Aldrich, Grundfest, and Laughlin (2017) find that instability of the market data  infrastructure also contributed to the May 2010 Flash Crash. A lag in the data feed caused  stale prices for the SPY ETF to be disseminated to the market. The authors argue this  caused uncertainty among algorithmic traders, and that uncertainty rationally caused them  to withdraw liquidity, which contributed to the price collapses.
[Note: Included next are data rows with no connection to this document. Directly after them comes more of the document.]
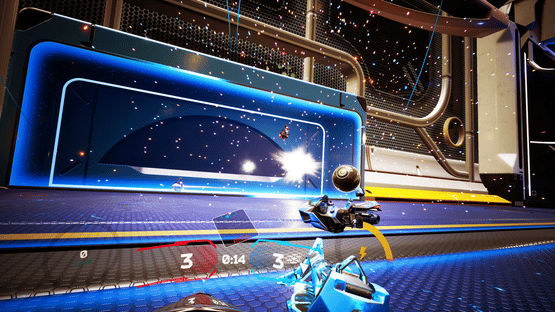 Snatchers is a futuristic VR eSport where players on hoverbikes snatch a ball with hook guns to score goals in a virtual stadium.
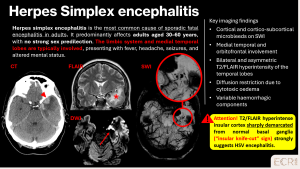 HSV encephalitis is a severe viral infection, classically affecting the medial temporal lobes and orbitofrontal regions. Clinical presentation includes fever, headache, seizures, and altered mental status. [9]
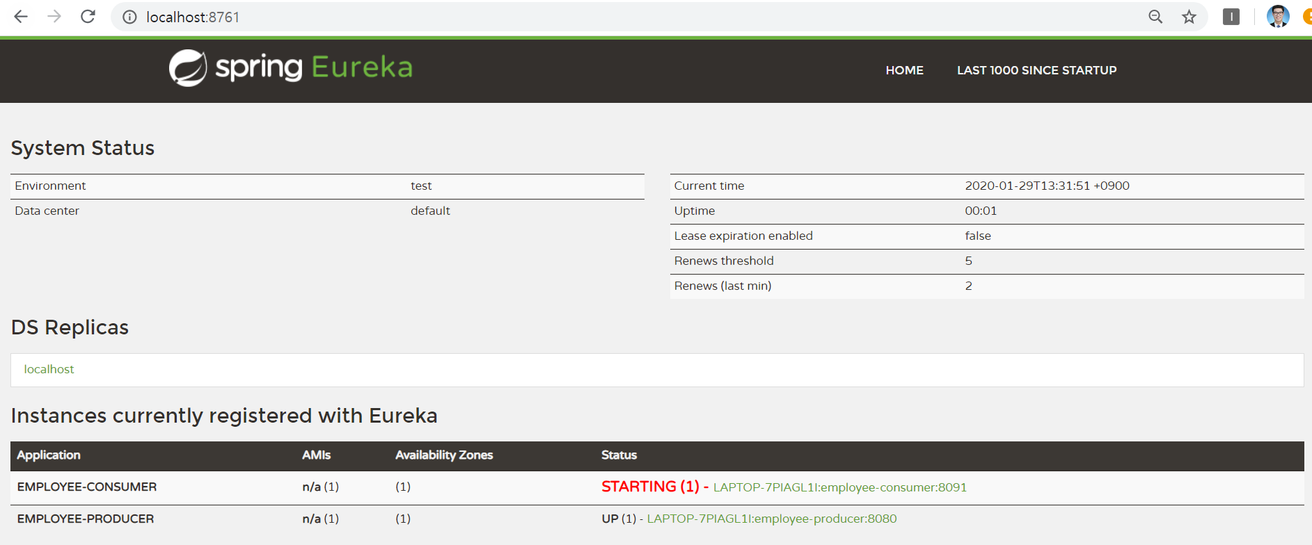 이제 employee-producer, employee-consumer, eureka-server 모듈들을 Run 하여 확인해 보겠습니다.
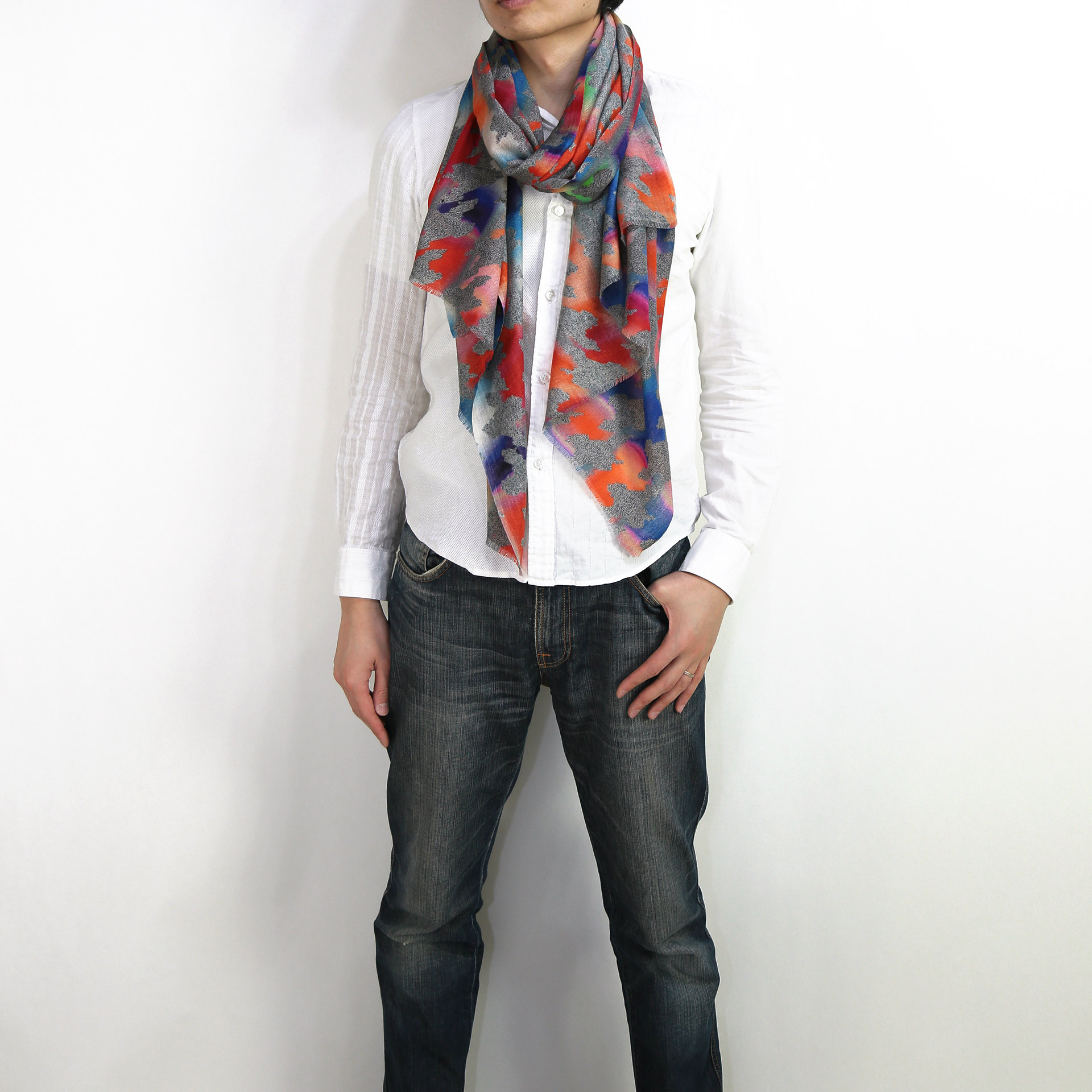 色と柄を掛け合わせてアクセントをつけた、大人の遊び心をくすぐるデザイン。こんなストールがあるとカジュアルは面白くなります!
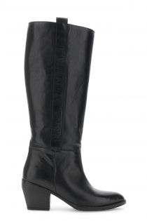 Schwarze Lederstiefel mit schlichtem, aber ausdrucksstarkem Design und Ton-in-Ton-Details. Lederfutter und -innensohle. 7 cm hoher Blockabsatz für lässige, moderne Eleganz.
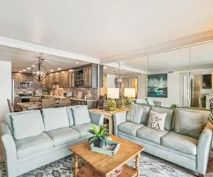 The stunning decorated kitchen and living room space offer plenty of space for the while family and to enjoy the stunning Gulf Views from all locations. The spacious kitchen has all stainless-steel full-sized appliances. The kitchen is stocked with all the cookware you’d need to cook up a feast for 4 or a quick bite before heading down to the private beach and enjoy your complimentary seasonal beach service. The living room has plenty of comfortable seating options to enjoy the large flat screen TV or the Emerald Waters.

4. Regulatory Studies and Speed Bumps

a. Single-Stock Circuit Breaker Pilot and Limit-Up Limit-Down Plan

A number of studies look at the effects of the single-stock circuit breaker pilot and “limit up, limit-down” plan.305 Brogaard and Roshak (2016) find that the introduction of single stock circuit breakers enhances market stability by reducing extreme events; however, this  comes at the cost of reduced price efficiency in the market. Hautsch and Horvath (2019)  examine trading pauses during the single-stock circuit breaker pilot and “limit-up, limit down” plan and find that, on average, trading pauses enhance price discovery during the  break but increase volatility and widen bid-ask spreads after the break. They argue there is  a trade-off between the benefits of trading pauses in terms of their function as safeguards  and protectors from extreme price movements and their adverse effects on volatility, price  stability, and transaction costs.

304 See also Kirilenko, Kyle, Samadi, and Tuzun (2017), McInish, Upson and Wood (2014),  and Menkveld and Yueshen (2018).

305 See supra Section VI.B.2 and Section VI.B.3 for discussions of the single-stock circuit  breaker pilot and “limit-up, limit-down” plan.